CheckMate 025 excluded patients with nccRCC. In comparison, 23.1% of patients in the current analysis had nccRCC. Nivolumab treatment in these patients appeared to be effective, and consistent efficacy was observed in the subgroup analyses regardless of tissue type; the overall response rate by subtype was papillary 12.5% (1/8), chromophobe 0% (0/2), spindle cell 40% (2/5), and other 33.3% (7/21), supporting the potential to treat a broader population of mRCC patients in this study. Our data obtained from nccRCC patients are consistent with the recent report of the CheckMate 374 study, in which clinically meaningful antitumor activity was reported in patients with advanced or metastatic nccRCC [17].

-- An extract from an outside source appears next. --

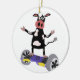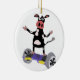 Funny Black and White Cow on Hoverboard Ceramic Ornament

It has been reported that patients treated with TKI as first-line therapy for less than 6 months (defined as ‘TKI-resistant’) have a poor prognosis and that subsequent therapies are less effective [5]. The current analysis could suggest that both TKI-resistant (first-line TKI duration < 6 months) and TKI-non-resistant patients (first-line TKI duration ≥ 6 months) may obtain benefit from nivolumab treatment because PFS (4.8 months vs. 7.0 months) and ORR (16.7% vs. 30.6%) with nivolumab were comparable (Online Resource 1e).

IMDC is commonly used as a prognostic factor in renal cell carcinoma [20]. In our subgroup analyses, all IMDC risk classes had similar ORR, but platelet level was an independent risk factor for PFS. Similarly, ECOG PS has also been used as a prognostic factor in other carcinomas [21]. In this analysis, ECOG PS was considered as an independent risk factor for PFS, but the lack of significant differences indicated that it was not a risk factor for ORR. Multivariate analyses showed the benefit of nivolumab was obtained in patients with good ECOG PS, platelet < ULN and lower LDH. However, it is unclear whether patients with poor ECOG PS, platelet ≥ ULN and higher LDH treated with nivolumab get more benefit than those treated with TKI or mTORi. In other carcinomas, the onset of irAEs has been reported to be associated with improvements in PFS and OS [22]. Consistent with this, in our study, a high ORR and prolonged PFS were observed in irAE-expressing patients, although the presence of irAEs was not an independent risk factor. However, in this analysis, the relationship between the onset time of irAE and efficacy for nivolumab is unclear.

Several irAEs, including pulmonary toxicity, gastrointestinal toxicity, nephrotoxicity, blood toxicity, and metabolism and nutrition disorders generally resulted in discontinuation of nivolumab treatment, whereas more than half of patients with an endocrine disorder and skin toxicity continued nivolumab treatment with appropriate manipulations (Online Resource 3). Thus, it is important for oncologists to manage irAEs properly.

Limitations

This study has several limitations, including the retrospective, observational design, and the small number of study sites, which may be insufficient to accurately reflect the entire Japanese mRCC population. The short observation period was another limitation of this study. As in other retrospective observational studies, only the data entered into the medical records are available for analysis, and no additional information can be obtained. Therefore, some records might be improperly collected, and the required information might be missing. These limitations may lead to underestimation and/or overestimation during the resultant analyses.

Conclusions

Nivolumab was effective and well-tolerated in the Japanese real-world setting, with outcomes consistent with the results of the CheckMate 025 clinical trial. No new safety signals were observed. Real-world nivolumab efficacy was found to be similar across all patient subpopulations, even those with poor prognosis who were not included in the clinical trial population. Long-term prognostic data will continue to be collected in this ongoing study and will be reported in a future publication.